#### Task goal:
Full transcription, minus images: write out the listing below exactly as it appears.

#### The data:
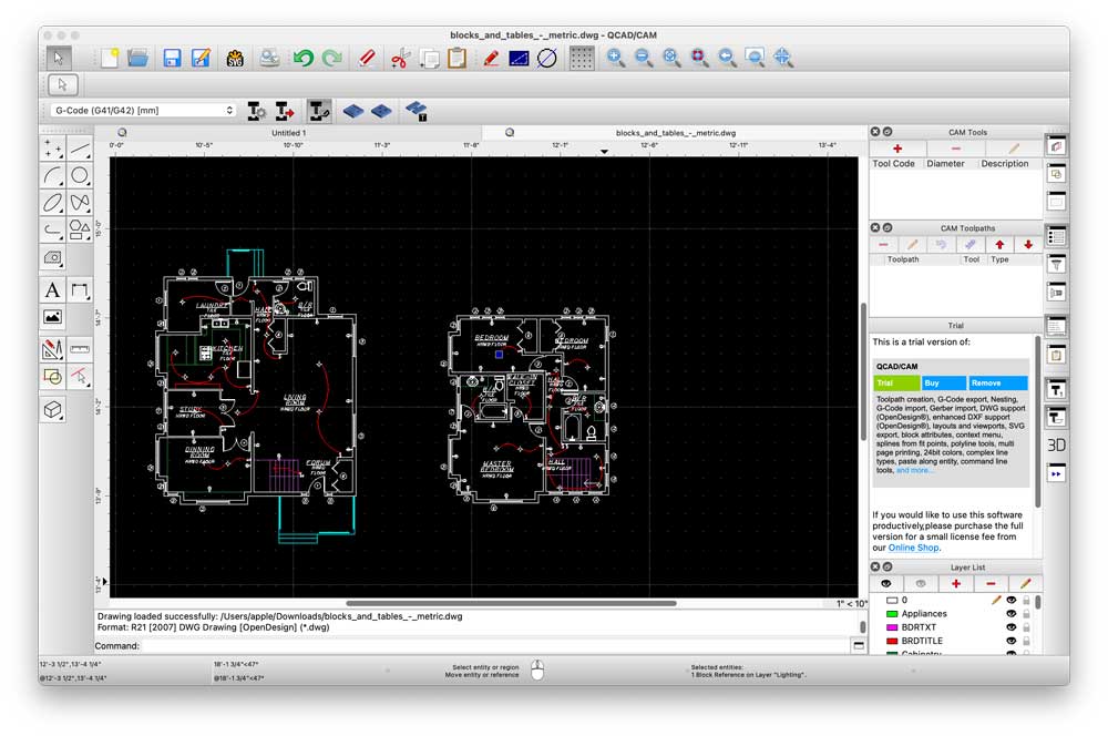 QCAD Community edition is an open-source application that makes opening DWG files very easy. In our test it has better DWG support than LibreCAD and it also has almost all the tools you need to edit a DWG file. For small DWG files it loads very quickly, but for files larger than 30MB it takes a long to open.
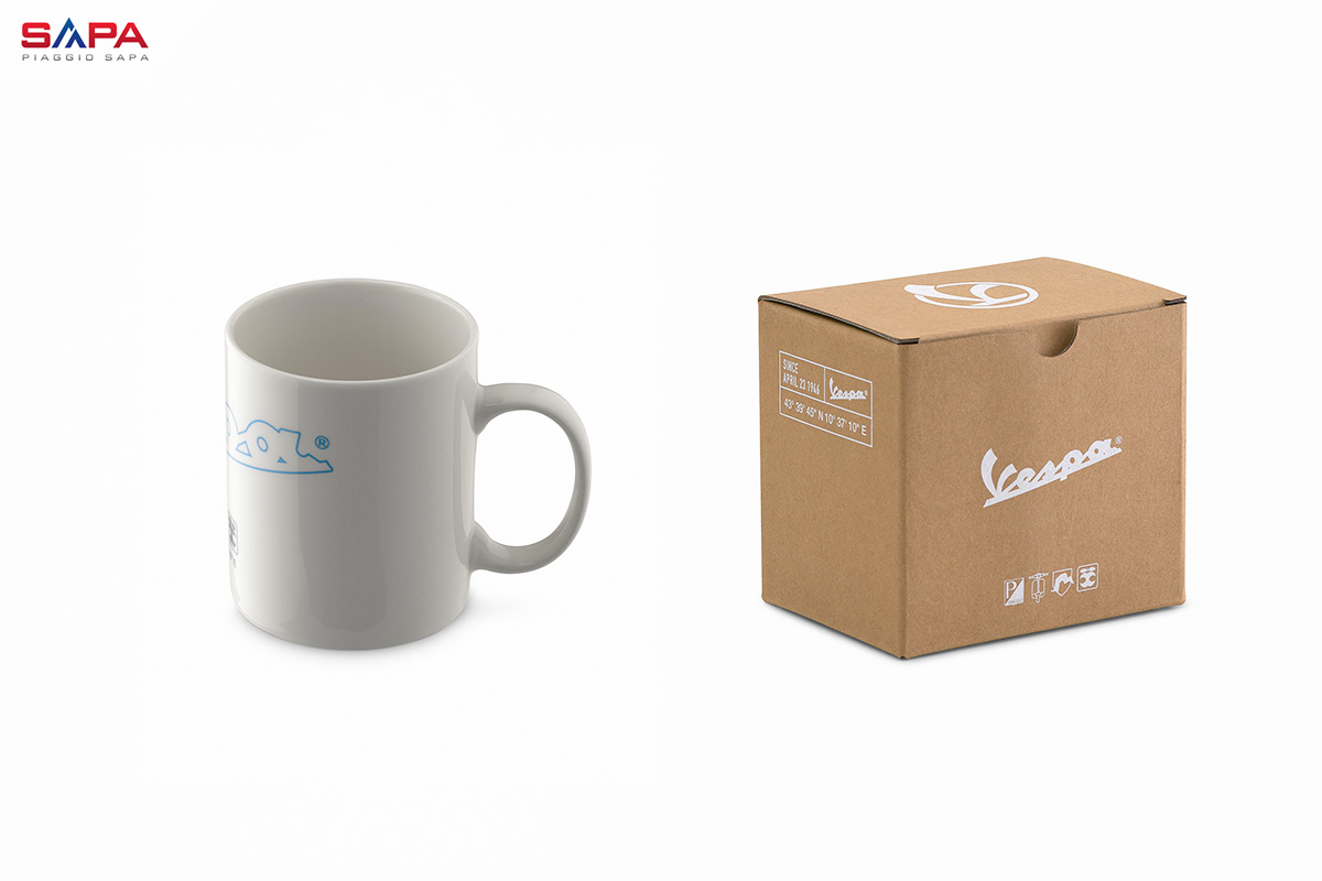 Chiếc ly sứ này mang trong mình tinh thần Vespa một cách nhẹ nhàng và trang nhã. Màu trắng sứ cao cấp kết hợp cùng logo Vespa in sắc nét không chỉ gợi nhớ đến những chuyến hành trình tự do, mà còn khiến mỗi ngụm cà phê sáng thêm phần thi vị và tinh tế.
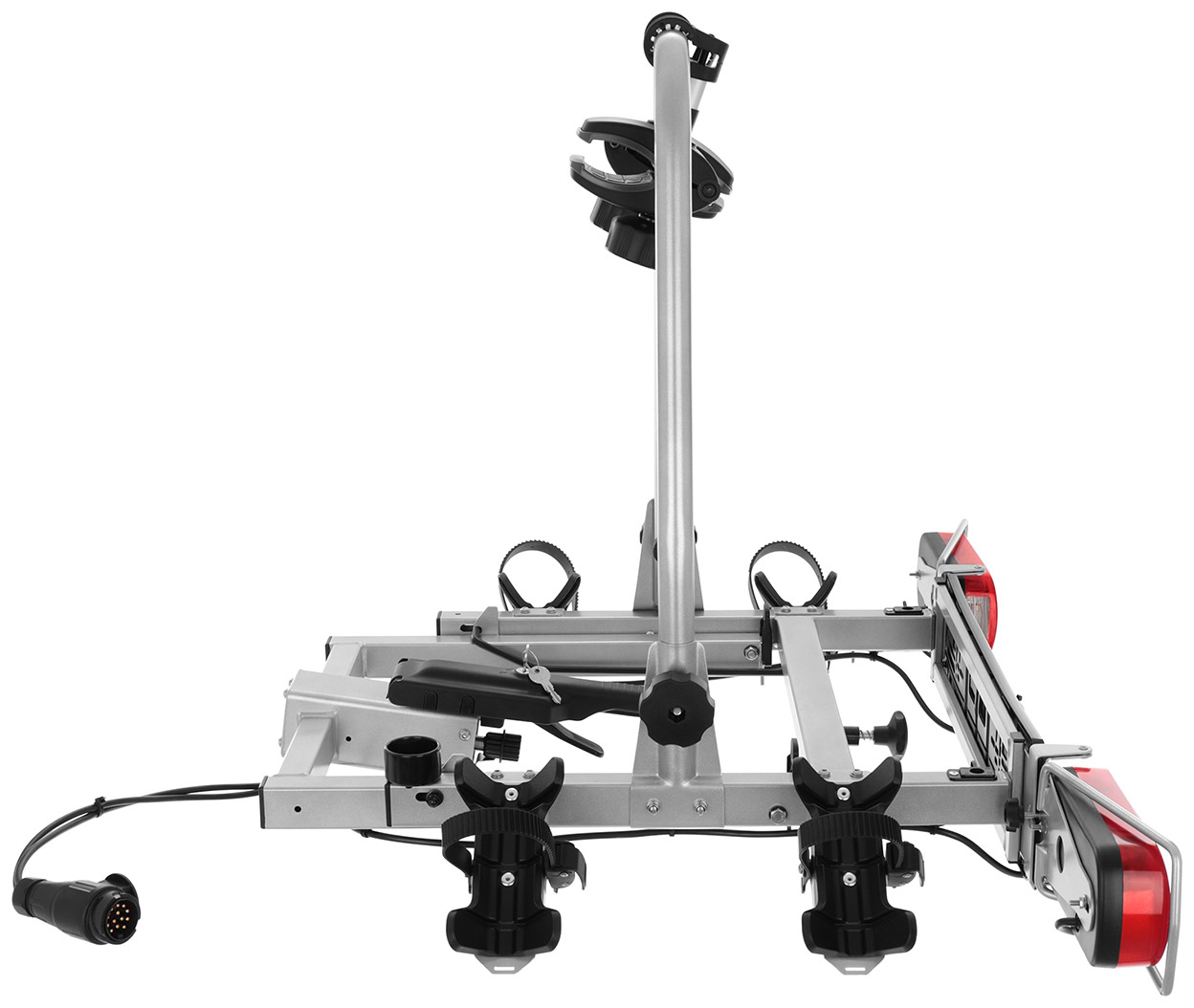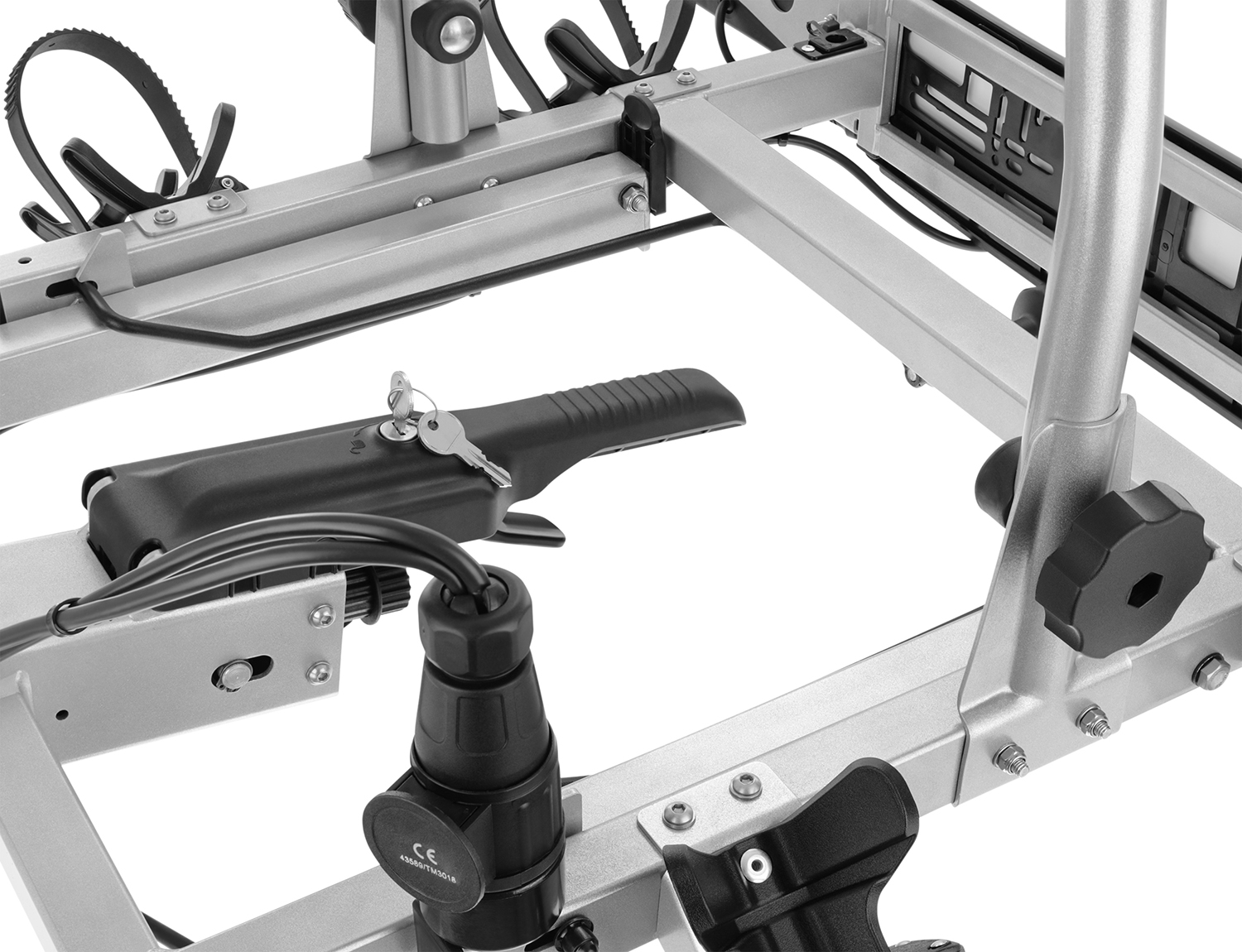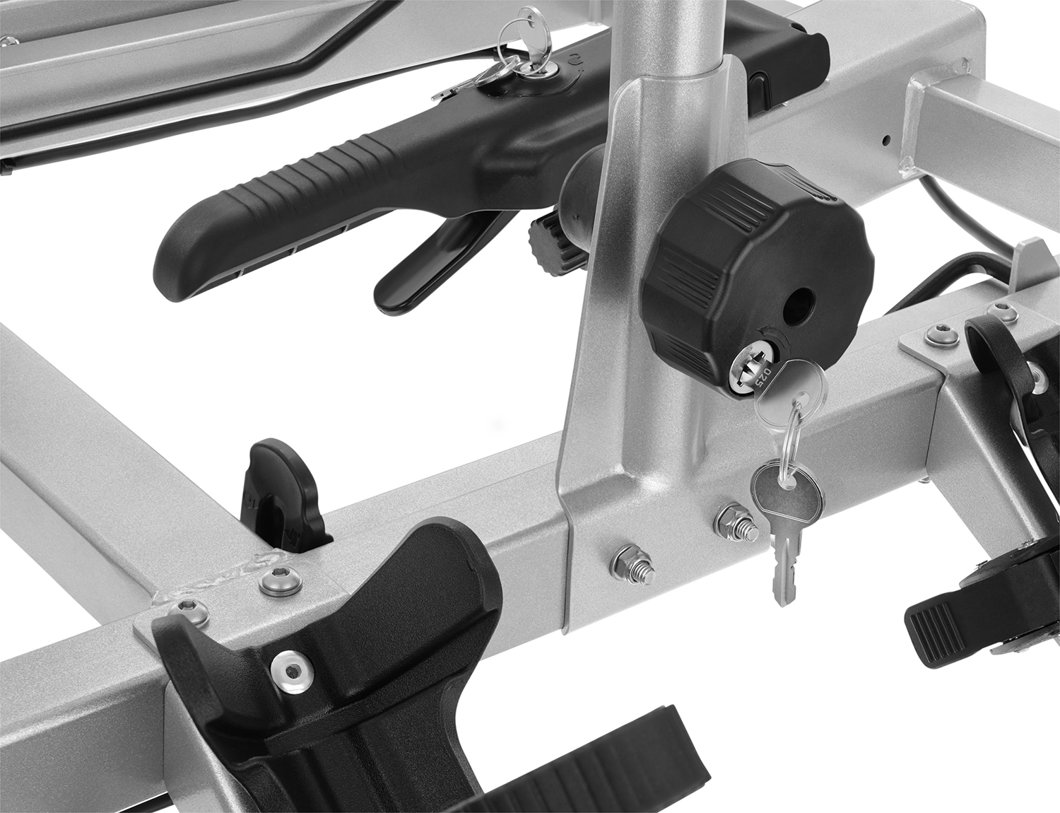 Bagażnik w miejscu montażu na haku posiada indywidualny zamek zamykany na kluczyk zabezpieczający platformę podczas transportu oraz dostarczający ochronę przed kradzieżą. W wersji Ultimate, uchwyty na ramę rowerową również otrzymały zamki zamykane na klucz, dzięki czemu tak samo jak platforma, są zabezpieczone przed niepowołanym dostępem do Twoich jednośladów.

#### The completed task:
 QCAD Community edition is an open-source application that makes opening DWG files very easy. In our test it has better DWG support than LibreCAD and it also has almost all the tools you need to edit a DWG file. For small DWG files it loads very quickly, but for files larger than 30MB it takes a long to open.
 Chiếc ly sứ này mang trong mình tinh thần Vespa một cách nhẹ nhàng và trang nhã. Màu trắng sứ cao cấp kết hợp cùng logo Vespa in sắc nét không chỉ gợi nhớ đến những chuyến hành trình tự do, mà còn khiến mỗi ngụm cà phê sáng thêm phần thi vị và tinh tế.
 Bagażnik w miejscu montażu na haku posiada indywidualny zamek zamykany na kluczyk zabezpieczający platformę podczas transportu oraz dostarczający ochronę przed kradzieżą. W wersji Ultimate, uchwyty na ramę rowerową również otrzymały zamki zamykane na klucz, dzięki czemu tak samo jak platforma, są zabezpieczone przed niepowołanym dostępem do Twoich jednośladów.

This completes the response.